Take, for example, a fillet of John Dory. The fish is delicately poached and served à la nage-style, in a shallow bowl filled with a buttery broth that conveys undertones of Malabar black pepper and citrus, along with a smattering of large white beans and a few plump mussels removed from their shells. This alone is an exquisite dish. Most chefs would stop there, satisfied that they had created a masterpiece. But not Gagnaire. On the side, he offers an extra condiment: a mostarda (or marmalade) made from red bell peppers, spicy French chillies and sweet-sour grapefruit. Added to the John Dory, the elegant dish takes on a much wilder profile, one of far greater risk and tenacity. Some guests adamantly dislike the condiment and choose not to eat it. But others are amused by the jarring contrast. And that’s the point: to encourage a discussion, an interaction, a dialogue that goes beyond simply eating a piece of fish.

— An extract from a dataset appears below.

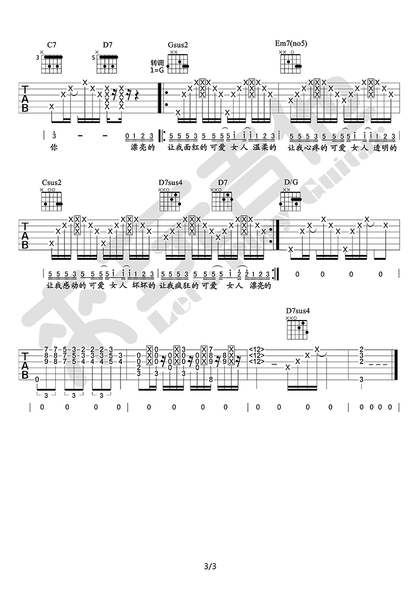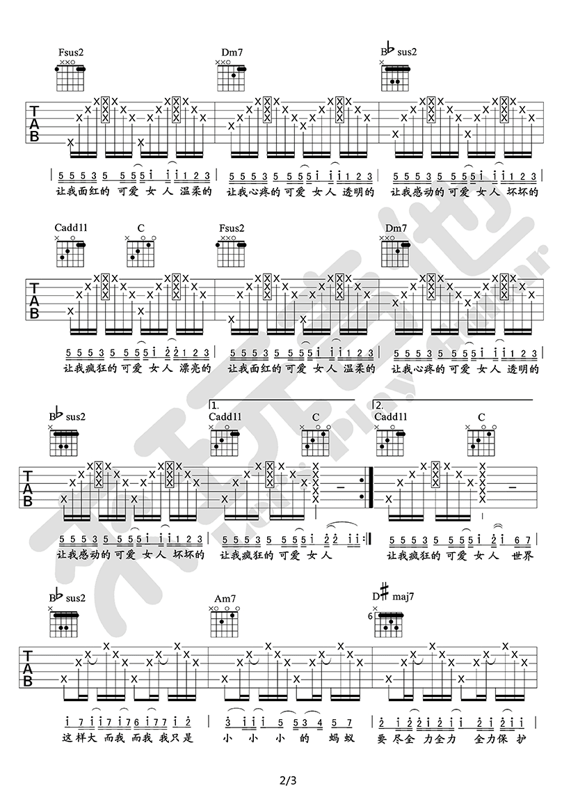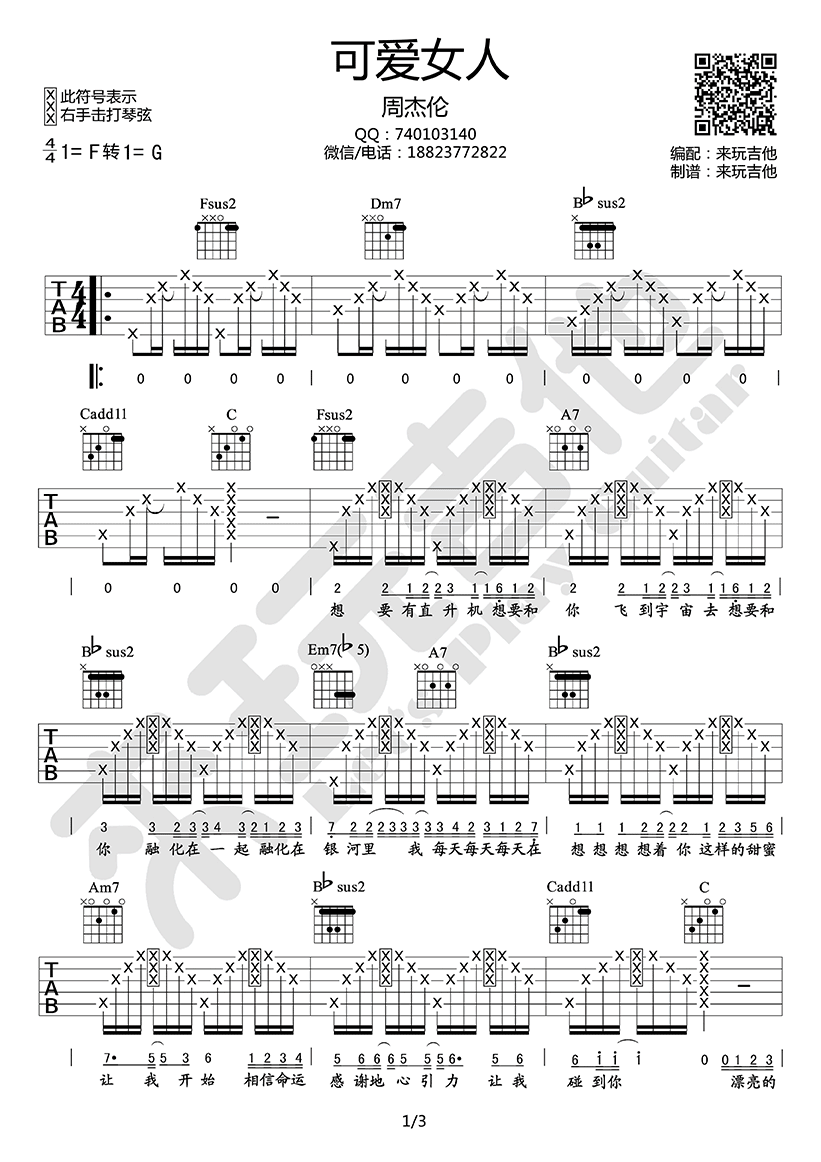 曲谱介绍: 周杰伦《可爱女人》吉他弹唱谱,采用F调指法编配,来玩吉他编配出品,共有3张高清图谱。

Similarly, when a loin of venison is presented, it arrives with an instruction and a warning. The dish comprises several components, one of which is a frozen ice cream made from venison jus and black pepper. ‘You might like to spoon the cold ice cream on top of the warm meat,’ says the waiter. ‘Or, you might find that you don’t like the contrast of temperatures. You might prefer to eat the ice cream separately, or not at all.’ The chef is essentially giving his diners permission to not like what he’s created.
This is precisely what happens at my table. We’re split fifty-fifty on the venison jus ice cream – half of us love it, half of us are left scratching our heads – which amuses our waiter immensely. But we can all agree on one thing: the venison, and the blackcurrant jam served underneath it, are sublime, with or without the ice cream.

We’re only halfway into this debate when we’re suddenly ambushed by the arrival of the grand finale of desserts (about 10 dishes per guest, possibly more), which suddenly begins to fill up the table: a bavaroise (think of a fluffy little cheesecake) with sturdy droplets of quince gelée and chartreuse syrup; a deconstructed lemon meringue tart re-envisioned as a citrus sorbet topped with a butter cookie and meringue; a refreshing cachaça granita with cucumber marmalade, green apple and the odd leaf of arugula; a chocolate ganache with crystallised ginger and chocolate ice cream… And the meal suddenly ends as dramatically as it began.